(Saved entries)

☆ ☆ ☆ ☆

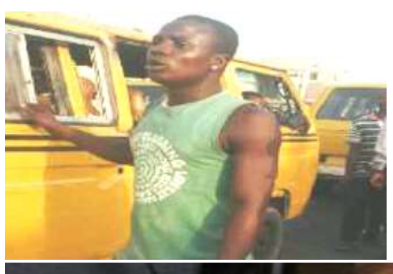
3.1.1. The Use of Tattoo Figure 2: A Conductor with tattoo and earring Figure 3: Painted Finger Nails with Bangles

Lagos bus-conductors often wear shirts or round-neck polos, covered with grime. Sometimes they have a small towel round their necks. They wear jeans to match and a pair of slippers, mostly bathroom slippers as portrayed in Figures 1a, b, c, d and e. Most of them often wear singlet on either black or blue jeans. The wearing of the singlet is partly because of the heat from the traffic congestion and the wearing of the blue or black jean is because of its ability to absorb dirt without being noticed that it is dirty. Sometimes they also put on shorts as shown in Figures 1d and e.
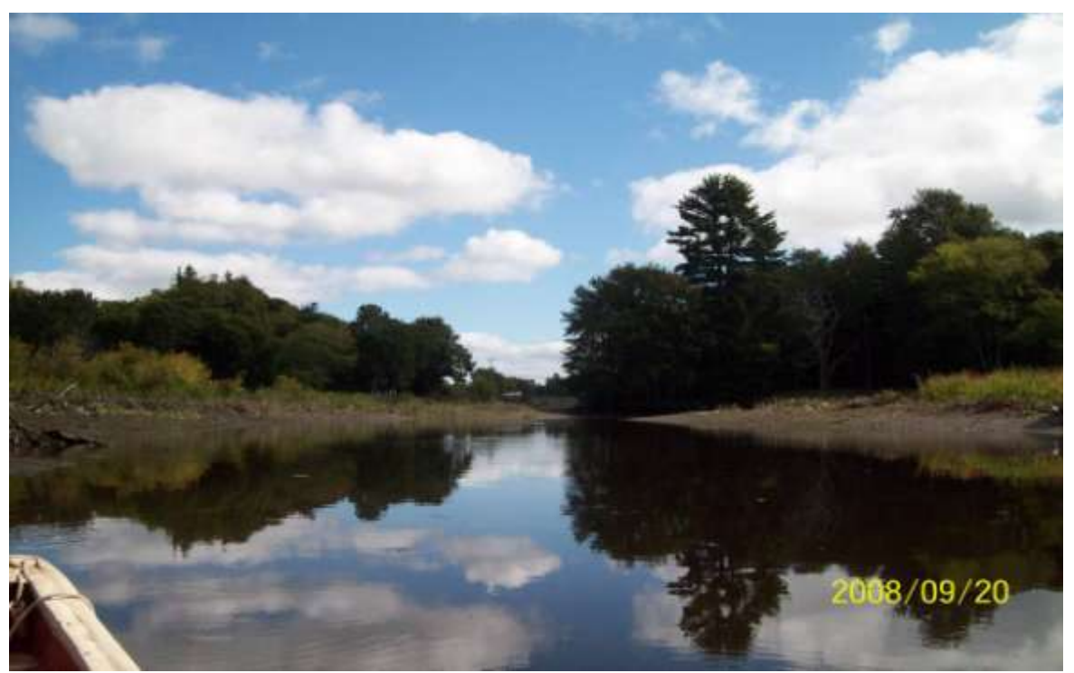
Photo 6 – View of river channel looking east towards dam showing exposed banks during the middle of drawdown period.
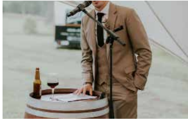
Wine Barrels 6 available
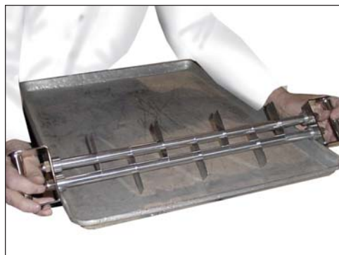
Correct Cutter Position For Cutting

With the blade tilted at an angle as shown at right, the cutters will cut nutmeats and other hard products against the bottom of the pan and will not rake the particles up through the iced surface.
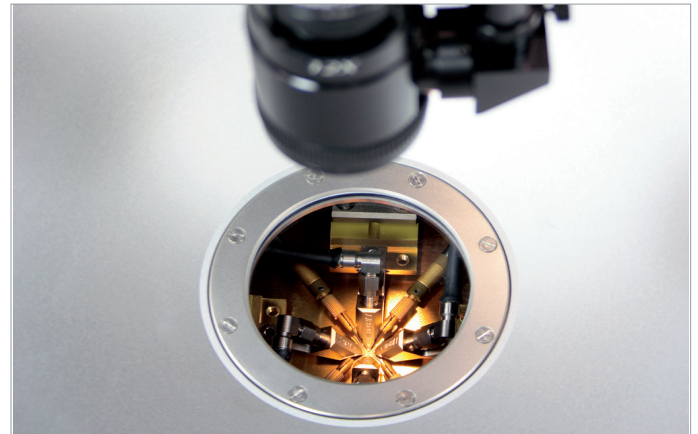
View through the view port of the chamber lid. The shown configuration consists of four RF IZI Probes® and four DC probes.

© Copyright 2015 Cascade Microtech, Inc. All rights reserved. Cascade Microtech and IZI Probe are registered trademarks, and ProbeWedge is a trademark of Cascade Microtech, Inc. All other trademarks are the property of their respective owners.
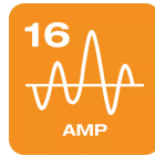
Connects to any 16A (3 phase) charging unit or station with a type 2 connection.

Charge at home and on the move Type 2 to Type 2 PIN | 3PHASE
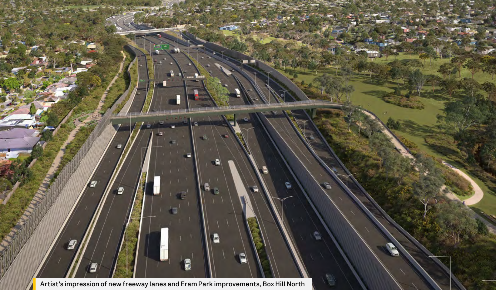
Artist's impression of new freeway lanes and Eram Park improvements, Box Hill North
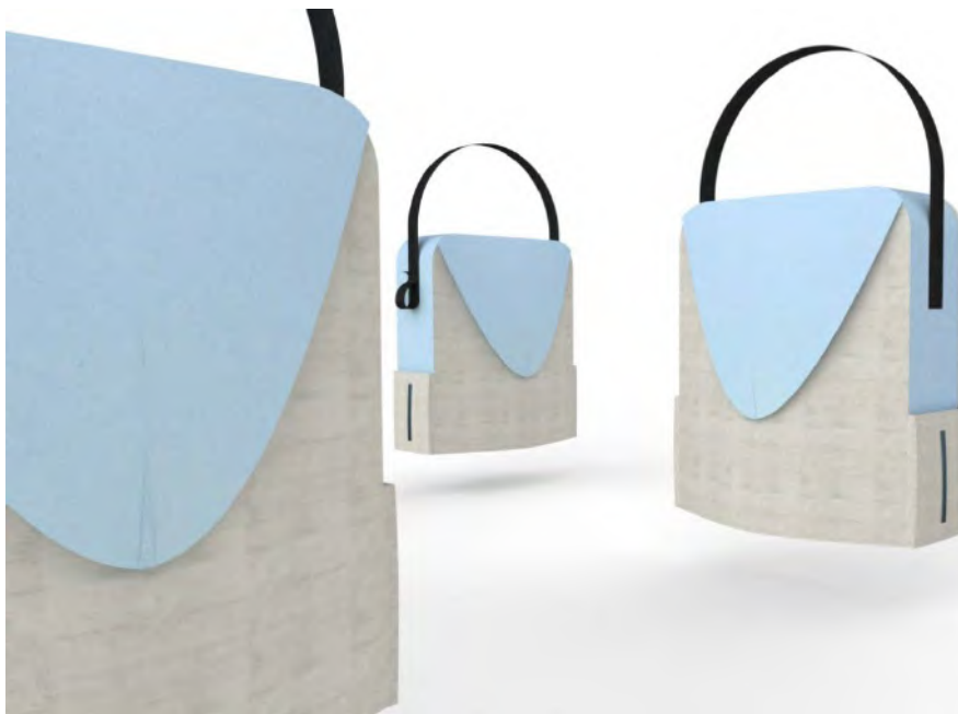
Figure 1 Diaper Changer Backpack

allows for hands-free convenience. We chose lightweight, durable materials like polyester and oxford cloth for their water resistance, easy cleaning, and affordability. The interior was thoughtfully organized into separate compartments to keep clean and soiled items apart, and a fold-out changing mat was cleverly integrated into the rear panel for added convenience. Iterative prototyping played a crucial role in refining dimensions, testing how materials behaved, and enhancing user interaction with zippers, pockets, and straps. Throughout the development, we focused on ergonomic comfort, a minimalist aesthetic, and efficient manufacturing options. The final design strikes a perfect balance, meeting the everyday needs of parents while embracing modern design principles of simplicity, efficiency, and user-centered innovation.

☆ ☆ ☆ ☆

Determine how many lines above contain the string "View". Give only that number.

== Answer to the problem ==
2